* WHAT THIS TASK INVOLVES *
Starting at the line below with "Cechą wyróżniającą te" and stopping at the line with "The double-glazed System", please print each line exactly, those two included, and skip every picture.

* AVAILABLE DATA *
- - -
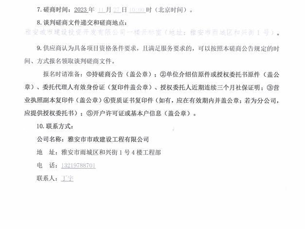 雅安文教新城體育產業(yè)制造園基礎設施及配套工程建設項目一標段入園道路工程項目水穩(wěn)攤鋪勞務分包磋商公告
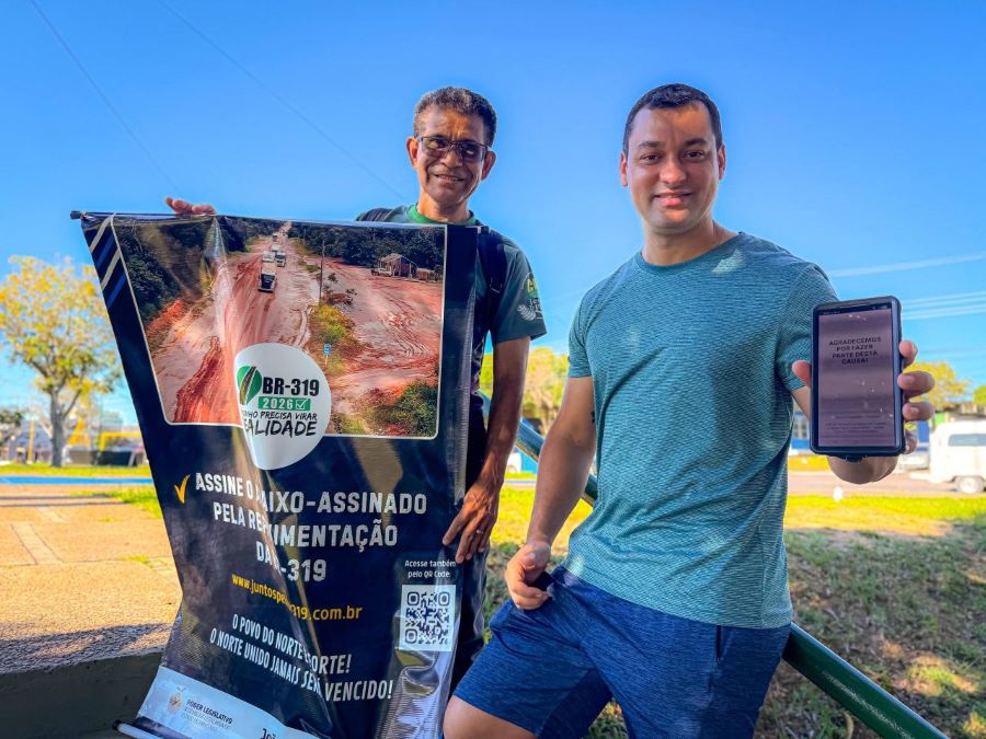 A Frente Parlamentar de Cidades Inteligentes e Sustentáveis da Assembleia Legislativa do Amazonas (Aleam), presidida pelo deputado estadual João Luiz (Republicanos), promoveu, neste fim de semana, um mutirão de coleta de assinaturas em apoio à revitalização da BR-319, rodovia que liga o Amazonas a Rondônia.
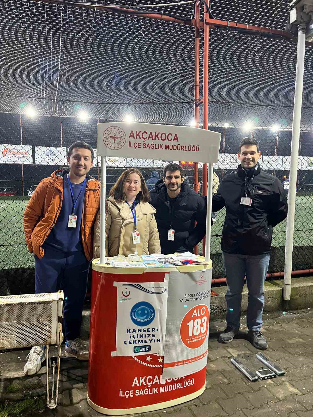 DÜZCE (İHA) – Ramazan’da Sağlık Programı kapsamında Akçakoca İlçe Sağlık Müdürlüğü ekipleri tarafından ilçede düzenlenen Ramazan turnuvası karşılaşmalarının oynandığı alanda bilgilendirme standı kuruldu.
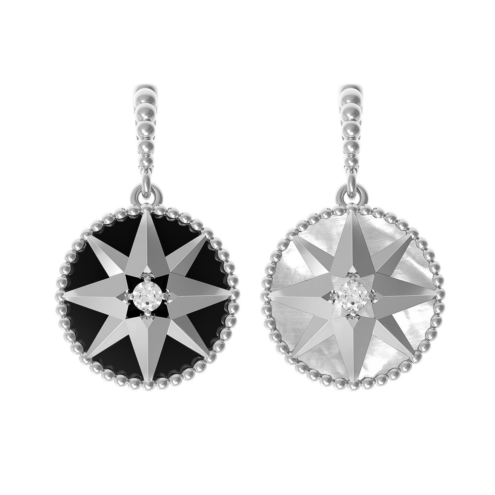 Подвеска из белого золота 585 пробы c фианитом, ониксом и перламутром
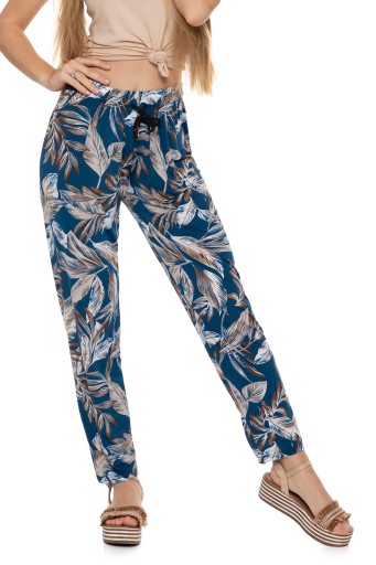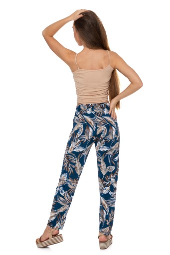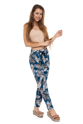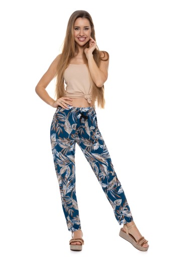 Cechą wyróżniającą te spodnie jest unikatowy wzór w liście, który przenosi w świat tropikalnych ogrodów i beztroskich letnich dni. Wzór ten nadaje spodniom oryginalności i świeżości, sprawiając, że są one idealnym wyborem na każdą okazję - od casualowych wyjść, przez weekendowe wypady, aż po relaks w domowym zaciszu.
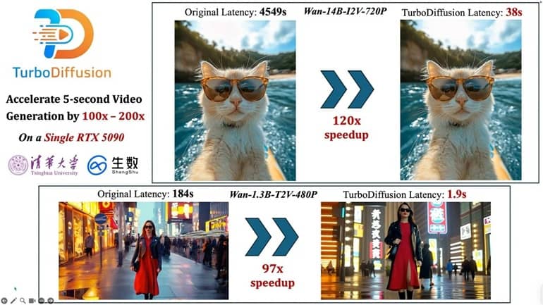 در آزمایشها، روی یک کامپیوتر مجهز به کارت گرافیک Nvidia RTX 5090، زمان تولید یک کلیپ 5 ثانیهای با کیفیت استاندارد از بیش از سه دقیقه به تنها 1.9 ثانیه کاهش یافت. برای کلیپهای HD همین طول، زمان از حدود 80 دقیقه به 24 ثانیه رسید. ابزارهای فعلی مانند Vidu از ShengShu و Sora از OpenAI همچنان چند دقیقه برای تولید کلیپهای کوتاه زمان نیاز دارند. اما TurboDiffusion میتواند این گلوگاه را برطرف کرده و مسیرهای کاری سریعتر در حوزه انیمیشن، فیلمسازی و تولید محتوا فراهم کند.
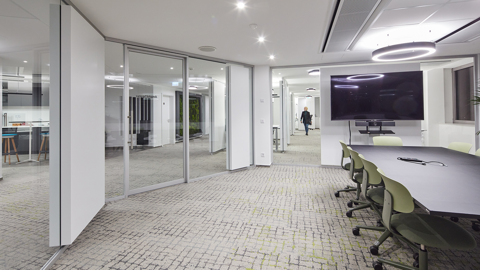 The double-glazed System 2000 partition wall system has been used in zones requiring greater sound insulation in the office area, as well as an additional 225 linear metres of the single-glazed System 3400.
- - -
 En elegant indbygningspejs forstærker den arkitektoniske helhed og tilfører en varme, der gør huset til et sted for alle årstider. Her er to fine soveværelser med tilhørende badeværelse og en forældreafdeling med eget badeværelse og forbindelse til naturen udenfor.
- - -
* RESULT FOR THIS EXERCISE *
 Cechą wyróżniającą te spodnie jest unikatowy wzór w liście, który przenosi w świat tropikalnych ogrodów i beztroskich letnich dni. Wzór ten nadaje spodniom oryginalności i świeżości, sprawiając, że są one idealnym wyborem na każdą okazję - od casualowych wyjść, przez weekendowe wypady, aż po relaks w domowym zaciszu.
 در آزمایشها، روی یک کامپیوتر مجهز به کارت گرافیک Nvidia RTX 5090، زمان تولید یک کلیپ 5 ثانیهای با کیفیت استاندارد از بیش از سه دقیقه به تنها 1.9 ثانیه کاهش یافت. برای کلیپهای HD همین طول، زمان از حدود 80 دقیقه به 24 ثانیه رسید. ابزارهای فعلی مانند Vidu از ShengShu و Sora از OpenAI همچنان چند دقیقه برای تولید کلیپهای کوتاه زمان نیاز دارند. اما TurboDiffusion میتواند این گلوگاه را برطرف کرده و مسیرهای کاری سریعتر در حوزه انیمیشن، فیلمسازی و تولید محتوا فراهم کند.
 The double-glazed System 2000 partition wall system has been used in zones requiring greater sound insulation in the office area, as well as an additional 225 linear metres of the single-glazed System 3400.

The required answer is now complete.